*** Supplied information Section Begins ***

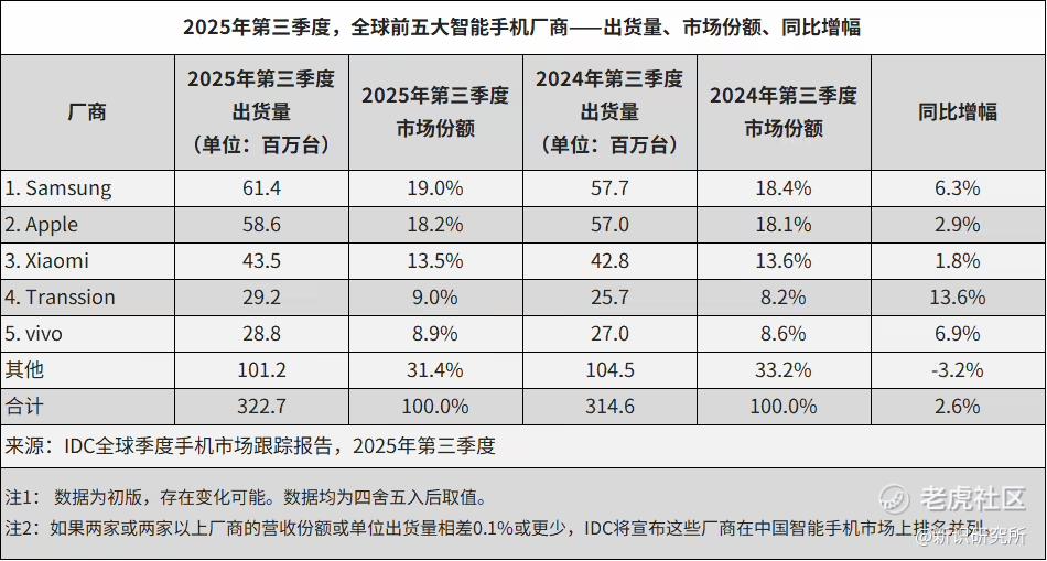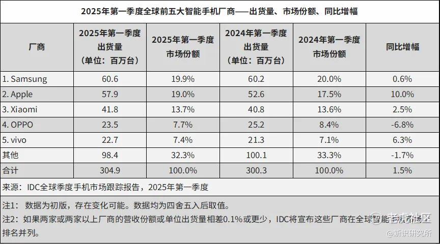 从市场数据看,IDC2025年一季度数据显示,OPPO全球出货量2350万台,市场份额7.7%,排名第四,增长势头下降严重,后面第三季度甚至跌出前五。
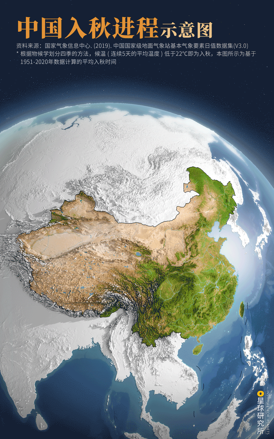 (中國入秋進程示意圖,製圖@鄭藝&鄭伯容/星球研究所)
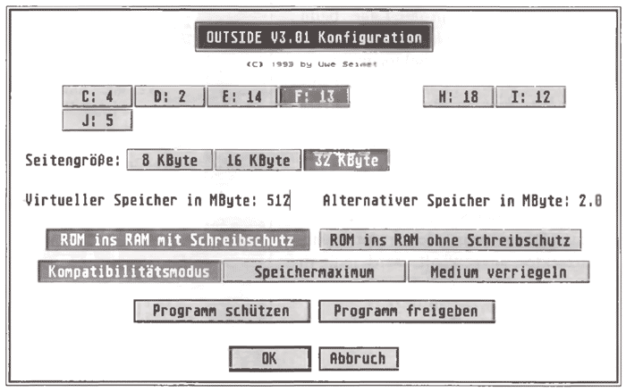 Normalerweise wird die standardmäßig vorgenommene Konfiguration für den Betrieb mit OUTSIDE ausreichend sein, es gibt jedoch weitere Einstellmöglichkeiten. So ist die Seitengröße, d.h. die Minimalgröße eines auszulagernden Blocks, variabel. Auch lassen sich inkompatible Programme vor Auslagern schützen, und die Größe des zusätzlich installierten Speichers läßt sich begrenzen. Auch die Größe des von OUTSIDE verwalteten Hauptspeichers läßt sich festlegen, so kann man etwa veranlassen, daß OUTSIDE von den 4 MB TT-RAM eines TTs 2 MB verwendet und mit Hilfe von 10 MB Plattenplatz daraus 10 MB virtuellen Speicher „macht" (man kann sich vorstellen, daß 2 MB Speicher als Cache für 10 MB Plattenspeicher verwendet werden). Wenn man größere Geschwindigkeitseinbußen in Kauf nimmt und „knapp bei Kasse" ist, kann man wahlweise den Plattenplatz zusätzlich zum Hauptspeicher anlegen, in unserem Beispiel wären das dann 12 MB.

*** Supplied information Section Ends ***

Print the data above verbatim from the first line through the line holding "(中國入秋進程示意圖,製圖@鄭藝&鄭伯容/星球研究所)", leaving every picture out.

[Written answer]:
 从市场数据看,IDC2025年一季度数据显示,OPPO全球出货量2350万台,市场份额7.7%,排名第四,增长势头下降严重,后面第三季度甚至跌出前五。
 (中國入秋進程示意圖,製圖@鄭藝&鄭伯容/星球研究所)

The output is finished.